でも今年も、仕事が休めない / 遠方すぎて帰れない / 体力的にきつい / 子育てで動けない ──
お盆にお墓参りに行けない方が増えています。
「お盆なのにお墓に行けない罪悪感」── これを抱える必要はありません。
この記事では、自宅でできるお盆の供養と、「行けない」を乗り越える 5 つの方法をお伝えします。
お盆とは(基本のおさらい)
お盆の起源
仏教の盂蘭盆会(うらぼんえ)が由来。
先祖の霊が、年に一度この世に帰ってくる期間とされる。
期間(地域による)
| 地域 | お盆期間 |
|---|---|
| 東京・横浜・金沢旧市街 | 7 月 13-16 日(新盆) |
| その他大半の地域 | 8 月 13-16 日(旧盆 / 月遅れ盆) |
| 沖縄・奄美 | 旧暦 7 月 13-15 日(年により変動) |
4 日間の流れ
- 8/13 迎え火: 先祖の霊を家に迎える
- 8/14-15 中日: 一緒に過ごす
- 8/16 送り火: 霊をあの世に送り返す
「お盆にお墓参り」は絶対ではない
驚くかもしれませんが ──
「お盆にお墓参りに行かないと罪」という決まりは、仏教の経典には書かれていません。
そもそも仏教では、お盆に先祖の霊が「家に」戻ってくるとされる。
つまり、お墓ではなく、家で迎えるのが本来の形なのです。
家での精霊棚(しょうりょうだな)や仏壇前での供養が、お盆の正しいあり方。
お墓参りは補助的な行事であって、必須ではありません。
罪悪感を持たずに、家でしっかりお迎えしてください。
自宅でできるお盆の供養 5 つの方法
方法 1: 精霊棚(お盆飾り)を作る
仏壇がある家は、仏壇前に小さな台を置く。
仏壇がない家は、リビングや寝室の一角に簡易な祭壇を作る。
用意するもの:
- 故人の写真 or 位牌
- 線香 / 蝋燭(小さくて OK)
- お花(菊・百合・季節の花)
- お供え物(故人の好物、果物、お菓子)
- きゅうりの馬・なすの牛(精霊馬、地域による)
新盆(亡くなって初めてのお盆)の場合は、特に丁寧に。
白提灯(新盆提灯)を用意する地域もあります。
方法 2: 迎え火・送り火を簡易に
伝統的にはオガラ(麻の茎)を玄関先で焚きますが、マンションでは難しい。
マンション住まい・現代版:
- ベランダでLED キャンドルを点ける
- 玄関先でお線香を 1 本焚く
- 「迎え火」と心の中で唱えながら、灯りを点す
送り火も同様、8/16 夜に点して終了。
方法 3: お墓のある場所に向かって手を合わせる
実家のお墓・霊園の方角を向き、5 分静かに手を合わせる。
「行けないことを謝る」のではなく、「今年もありがとうございました」「みなさんを思っています」と心で伝える。
距離は関係ありません。
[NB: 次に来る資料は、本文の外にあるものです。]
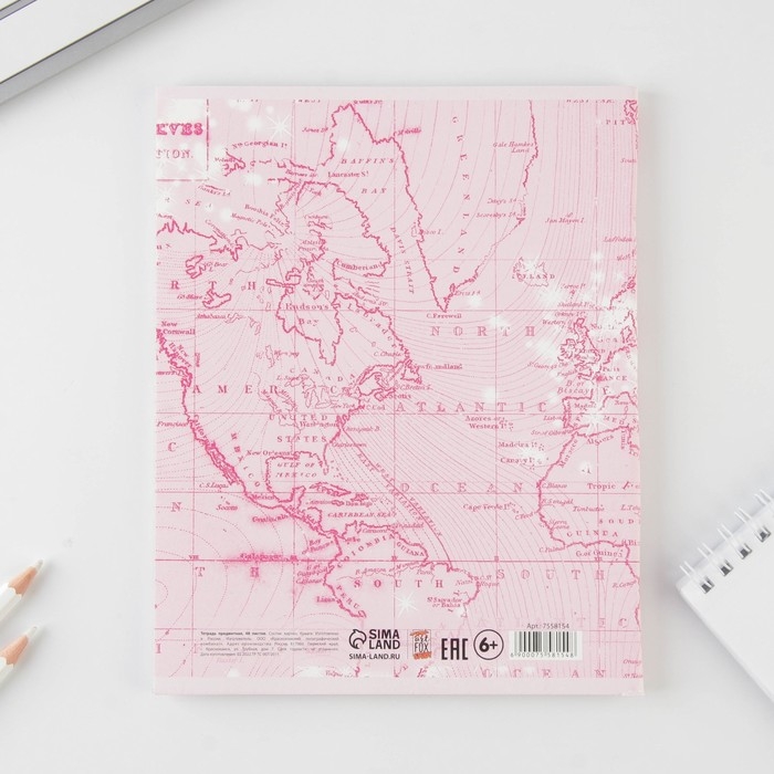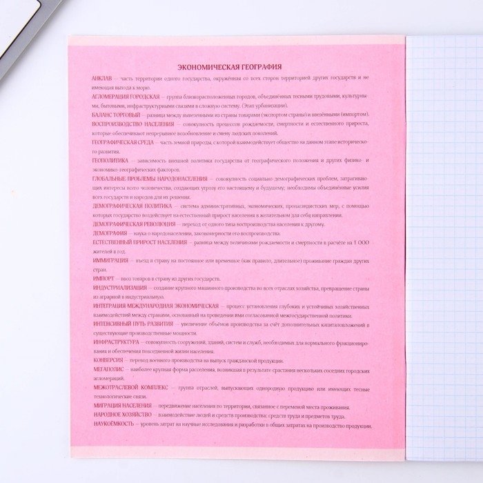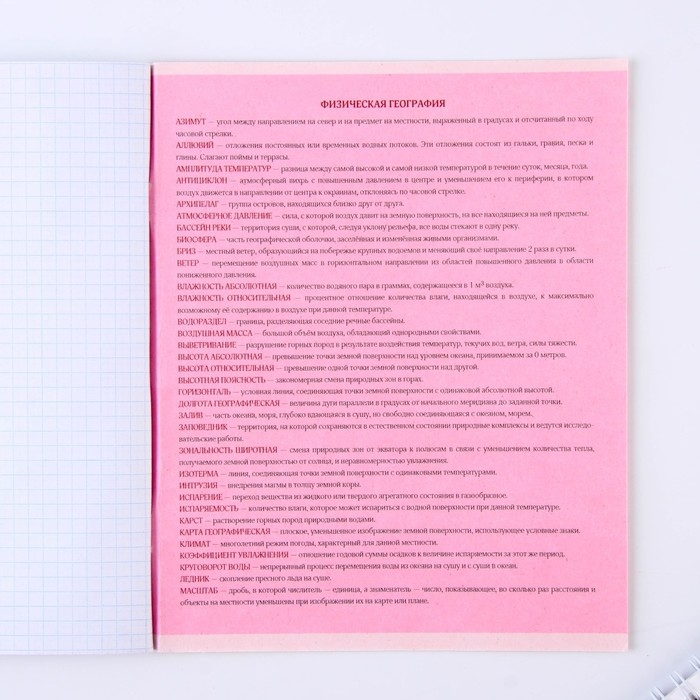Тетрадь предметная 48 листов, А5, РОЗОВАЯ СЕРИЯ, со справ. мат. «1 сентября: География», обложка мелованный картон 230 гр внутренний блок в клетку белизна 96%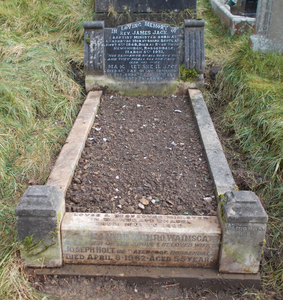Minister at Wainsgate from 1901 to 1906. Named his daughter Jeannie Munro Wainsgate Jack. Buried at Wainsgate with Jeannie and his wife Margaret.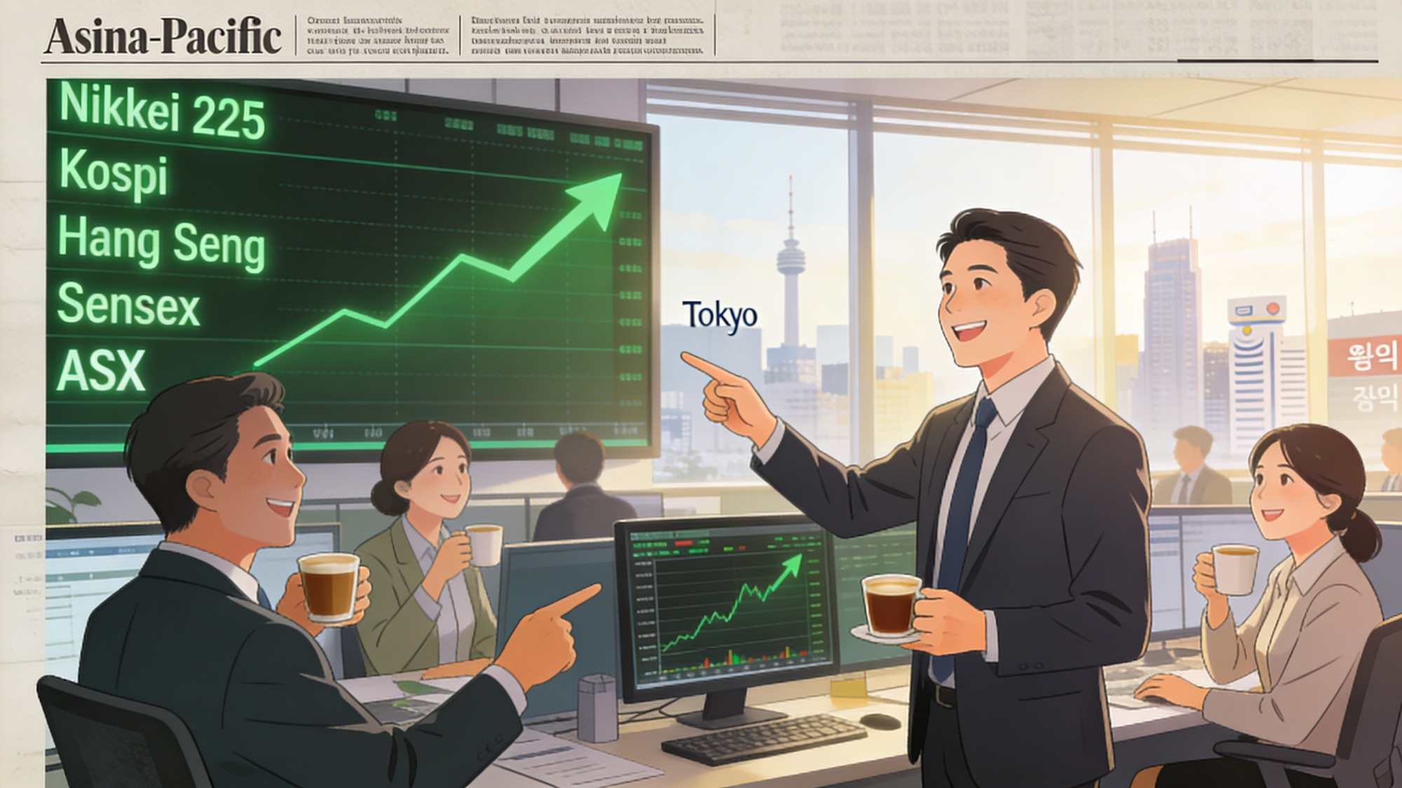 Asia-Pacific traders came into Thursday behaving less like warriors and more like optimists with calculators. Japan’s Nikkei 225 pushed to an all-time intraday high above 60,000, powered by tech stalwarts like SoftBank and Mitsubishi Heavy Industries, as investors rode the afterglow of a U.S. rally. South Korea’s Kospi joined the record-party, touching fresh highs and underscoring just how far sentiment has swung from “risk-off” to “what correction?” in a matter of weeks.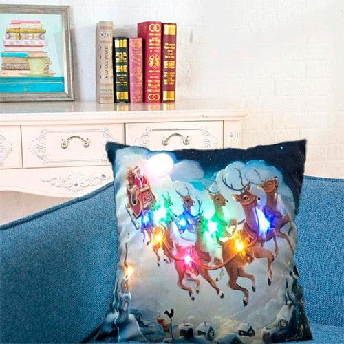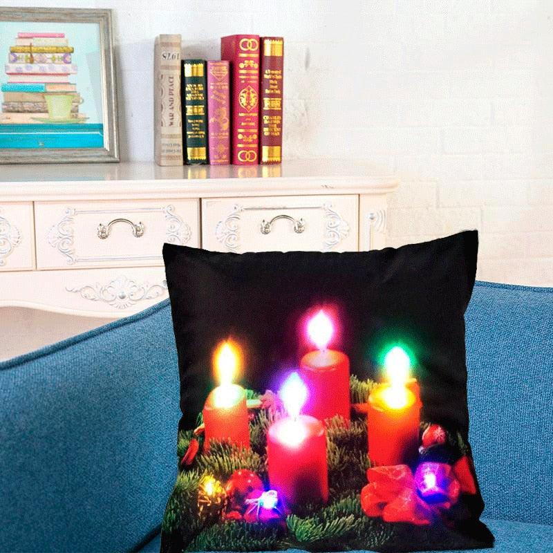 Christmas Cushion Cover Led Light Cushion Covers Xmas Holiday Couch Pillows Rustic Christmas Decorations Winter Pillowcase Light Up Pillow Case Soft Pillows Cover Cushion Santa Pillowcase 45x45CM

心で十分です。
方法 4: 故人の好きだった料理を作る
お盆の供物として、故人の好きだった料理を作って仏壇に供える。
そして家族でも食べる。
これは「精進料理」だけにこだわる必要はありません。
お父さんが好きだったカレー、お母さんが得意だった煮物、おばあちゃんの梅ジュース ── 何でも OK。
「この味、お父さん好きだったよね」と話しながら食べることが、何より供養です。
方法 5: 思い出を語る家族の集まり
家族が集まれるなら、お盆は思い出を語り合う日にする。
- 故人の写真アルバムを見返す
- エピソードを語る(笑い話も含めて)
- 新しい家族(孫世代)に故人を伝える
これは「先祖代々の記憶」を継承する、最も大切な供養です。
手元供養があると、お盆がもっと身近に
近年広がっているのが、手元供養を使ったお盆供養です。
てのひらおはか のような手のひらサイズの小さなお墓を、リビングに常設。
お盆には周りに花とお供え物を置くだけで、即座に「祈りの場」になります。
メリット:
- お墓に行けなくても、お墓参りと同じ気持ち
- マンションでも実現可能
- 子供にも「これがおじいちゃんよ」と伝えやすい
- 一年中、毎日「ただいま」が言える
「お盆だけの特別な日」から、「毎日が小さなお盆」へ。
これが手元供養の魅力です。
帰省できる時に行けば十分
「毎年お盆に行けないと罪」と思わないでください。
- 来年のお盆に行けるかも
- 命日に行けるかも
- 連休に思いついた時に行けるかも
頻度より、心です。
3 年に 1 度でも、心を込めてお墓参りに行けば、それは立派な供養です。
そして、行けない年は自宅でしっかりお迎えする。
その繰り返しでいいのです。
まとめ
お盆にお墓参りに行けないことは、現代の標準です。
| 自宅でできる供養 | 一言で |
|---|---|
| 1. 精霊棚 / 仏壇供養 | 家で霊をお迎え |
| 2. 迎え火・送り火(簡易版) | 心で灯す |
| 3. お墓の方角に手を合わせる | 距離は関係ない |
| 4. 故人の好物を食べる | 思い出と共に |
| 5. 家族で思い出を語る | 記憶の継承 |
そして ──
手元供養 を取り入れれば、お盆だけでなく毎日が、故人と一緒の日になります。
「行けない罪悪感」から、「身近に感じる日常」へ。
今年のお盆を、新しい供養のかたちで迎えてみませんか?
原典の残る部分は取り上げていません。